III. Dr. Ashurst’s testimony prejudiced Patient.
¶20 Patient argues Dr. Ashurst’s testimony was prejudicial because “the trial court heavily relied on Dr. Ashurst’s testimony in ordering involuntary treatment” and Dr. Ashurst was not a proper rebuttal witness.
¶21 To justify reversing the superior court’s order, a plaintiff must show the superior court’s error prejudiced the plaintiff’s substantial rights. In re: MH2022-002881, 1 CA-MH 22-0042, at *3, ¶ 18 (citing Ott, 127 Ariz. at 489). Prejudice must appear from the record. In re: MH2022-002881, 1 CA- MH 22-0042, at *3, ¶ 18 (citing Fuentes v. Fuentes, 209 Ariz. 51, 57, ¶¶ 28-29 (App. 2004) (finding no abuse of discretion when the superior court erroneously admitted inadmissible evidence because the evidence was “substantially cumulative” and did not prejudice the other party)). In a
5 IN RE: MH 2025-001972 Decision of the Court
similar case we found no prejudice to a patient whose attending physician testified over the patient’s privilege objection. In re: MH2022-002881, 1 CA- MH 22-0042, at *3, ¶ 19. We reasoned there was no prejudice because the attending physician’s testimony was “superfluous,” and the patient’s counsel had conceded the independent medical evaluator’s testimony did not contradict the evaluating physicians’ findings that “combined inpatient and outpatient treatment was appropriate and available.” Id. (citing A.R.S. § 36-540(A)).

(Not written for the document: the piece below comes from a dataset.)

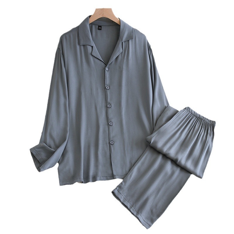Главная страница > Атласный хлопковый Шелковый Пижамный костюм для пар, женские весенне-летние гладкие тонкие мужские брюки с лацканами и длинным рукавом, домашняя одежда

¶22 Here, the court relied on Dr. Ashurst’s testimony to grant the petition for court-ordered treatment. The court found “Dr. Raby got it wrong” because “she didn’t have all the information.” The court stated, “Dr. Ashurst [sees] the Patient on an ongoing basis,” and “has more information.” The court erred by permitting Dr. Ashurst’s testimony and its reliance on that testimony when ordering treatment prejudiced Patient.
¶23 Because we find that Dr. Ashurst’s testimony prejudiced Patient, we need not reach Patient’s argument that Dr. Ashurst was not a “valid” witness.
CONCLUSION
¶24 We vacate the superior court’s order for involuntary treatment and remand for further proceedings consistent with this decision.